* _TASK ITEM_: The reply should hold only the lines below beginning at the one with "платформа UES |" and ending at the one with "Its minimalistic design", copied exactly, with every picture left out.

* _INFORMATION_:
[Start of Attachment]
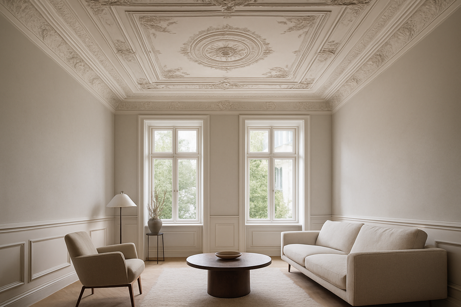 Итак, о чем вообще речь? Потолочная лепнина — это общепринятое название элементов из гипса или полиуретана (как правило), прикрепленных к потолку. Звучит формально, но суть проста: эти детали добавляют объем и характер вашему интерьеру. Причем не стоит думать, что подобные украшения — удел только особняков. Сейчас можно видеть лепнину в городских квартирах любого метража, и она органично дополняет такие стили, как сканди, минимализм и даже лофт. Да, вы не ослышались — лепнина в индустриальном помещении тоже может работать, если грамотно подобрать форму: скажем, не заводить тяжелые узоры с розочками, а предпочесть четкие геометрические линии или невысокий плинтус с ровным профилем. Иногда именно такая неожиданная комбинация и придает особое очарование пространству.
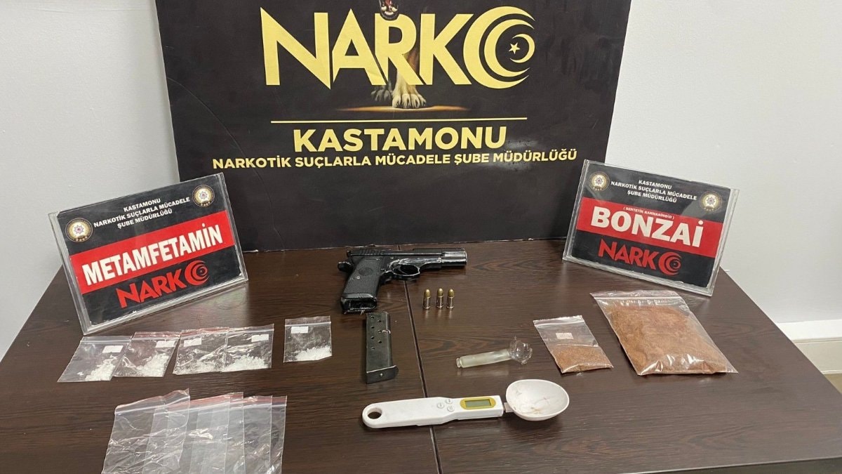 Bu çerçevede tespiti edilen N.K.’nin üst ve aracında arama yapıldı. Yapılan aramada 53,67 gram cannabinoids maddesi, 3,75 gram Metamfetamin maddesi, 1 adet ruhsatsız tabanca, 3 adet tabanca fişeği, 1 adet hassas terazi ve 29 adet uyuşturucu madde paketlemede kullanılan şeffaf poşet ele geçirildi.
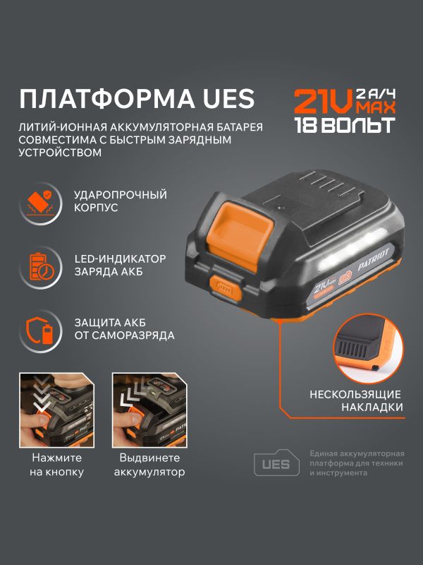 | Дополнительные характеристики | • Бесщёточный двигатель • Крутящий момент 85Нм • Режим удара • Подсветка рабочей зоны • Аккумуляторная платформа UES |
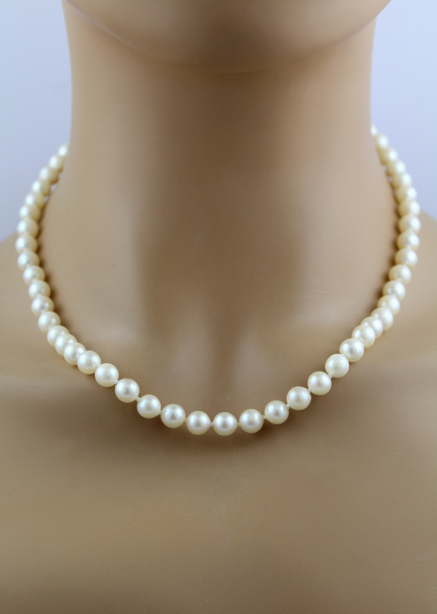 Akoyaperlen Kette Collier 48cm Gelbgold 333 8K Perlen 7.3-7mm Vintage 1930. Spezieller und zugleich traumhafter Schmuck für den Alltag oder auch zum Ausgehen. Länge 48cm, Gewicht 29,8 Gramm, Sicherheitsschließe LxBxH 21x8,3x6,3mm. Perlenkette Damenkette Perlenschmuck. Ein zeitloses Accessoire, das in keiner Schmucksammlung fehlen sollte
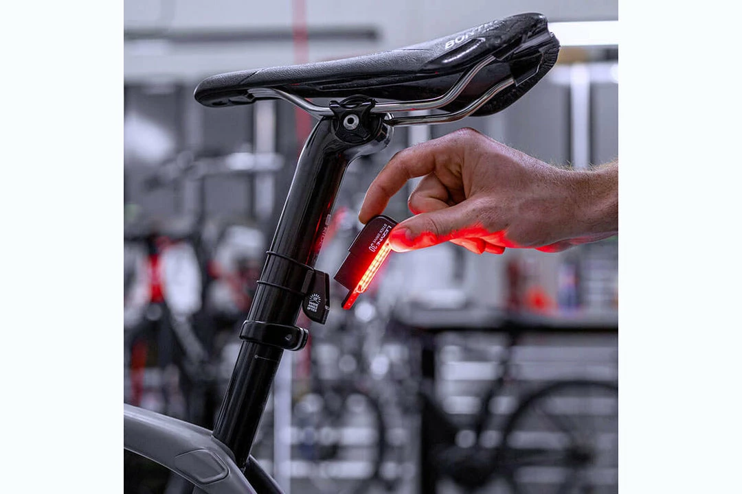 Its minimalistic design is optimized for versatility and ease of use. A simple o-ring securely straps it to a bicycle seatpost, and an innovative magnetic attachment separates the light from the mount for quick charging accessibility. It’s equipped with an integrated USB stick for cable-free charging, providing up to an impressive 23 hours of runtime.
[End of Attachment]
[Start of Attachment]
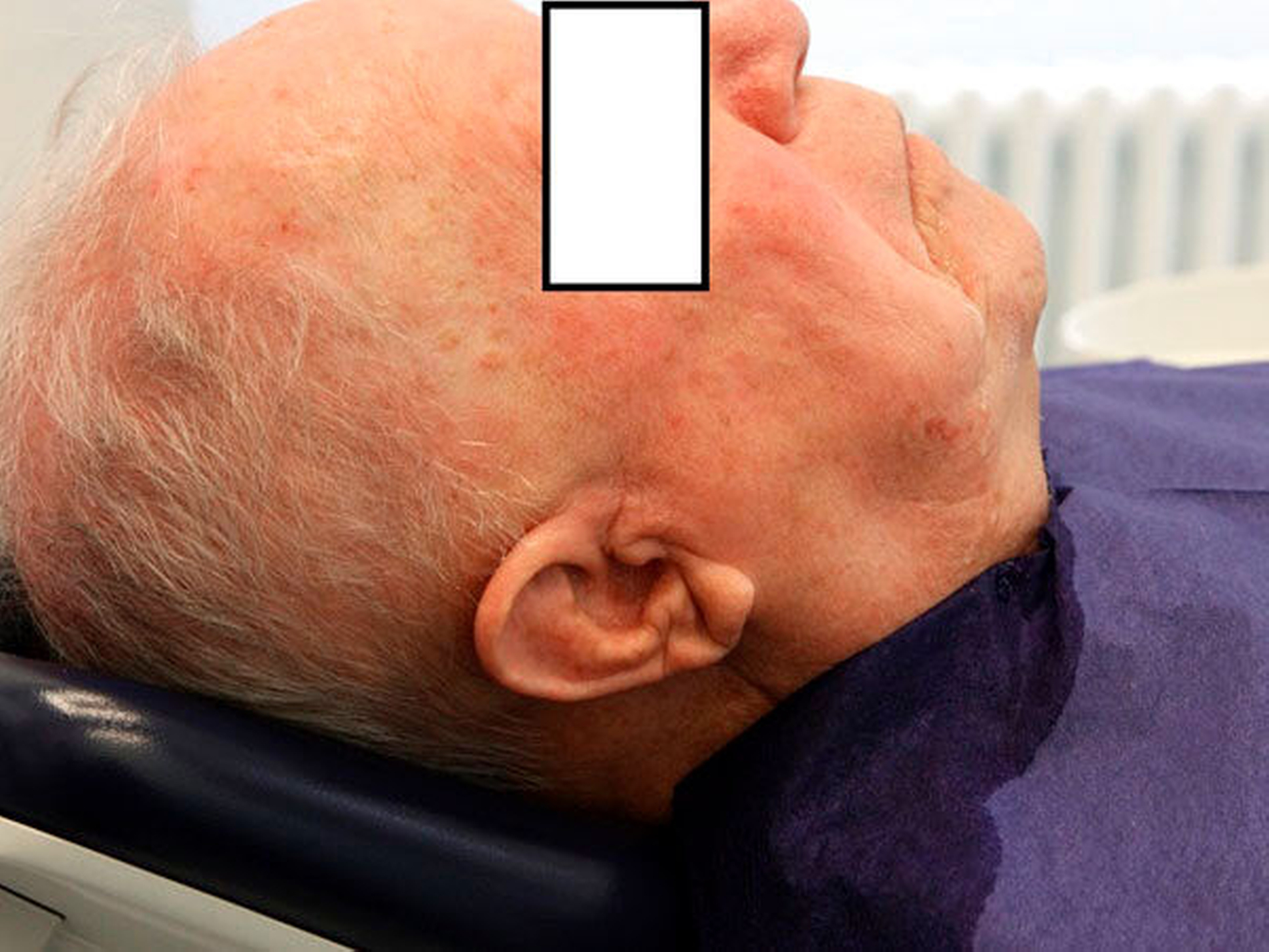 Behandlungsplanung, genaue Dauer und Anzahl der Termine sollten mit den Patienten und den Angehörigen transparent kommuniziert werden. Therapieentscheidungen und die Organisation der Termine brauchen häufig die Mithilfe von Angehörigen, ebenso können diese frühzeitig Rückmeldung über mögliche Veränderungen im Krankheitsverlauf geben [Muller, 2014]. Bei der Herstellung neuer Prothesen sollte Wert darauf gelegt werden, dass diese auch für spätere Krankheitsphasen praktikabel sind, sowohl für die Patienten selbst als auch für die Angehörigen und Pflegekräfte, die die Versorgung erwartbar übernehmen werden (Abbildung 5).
[End of Attachment]
* _REPLY_:
 | Дополнительные характеристики | • Бесщёточный двигатель • Крутящий момент 85Нм • Режим удара • Подсветка рабочей зоны • Аккумуляторная платформа UES |
 Akoyaperlen Kette Collier 48cm Gelbgold 333 8K Perlen 7.3-7mm Vintage 1930. Spezieller und zugleich traumhafter Schmuck für den Alltag oder auch zum Ausgehen. Länge 48cm, Gewicht 29,8 Gramm, Sicherheitsschließe LxBxH 21x8,3x6,3mm. Perlenkette Damenkette Perlenschmuck. Ein zeitloses Accessoire, das in keiner Schmucksammlung fehlen sollte
 Its minimalistic design is optimized for versatility and ease of use. A simple o-ring securely straps it to a bicycle seatpost, and an innovative magnetic attachment separates the light from the mount for quick charging accessibility. It’s equipped with an integrated USB stick for cable-free charging, providing up to an impressive 23 hours of runtime.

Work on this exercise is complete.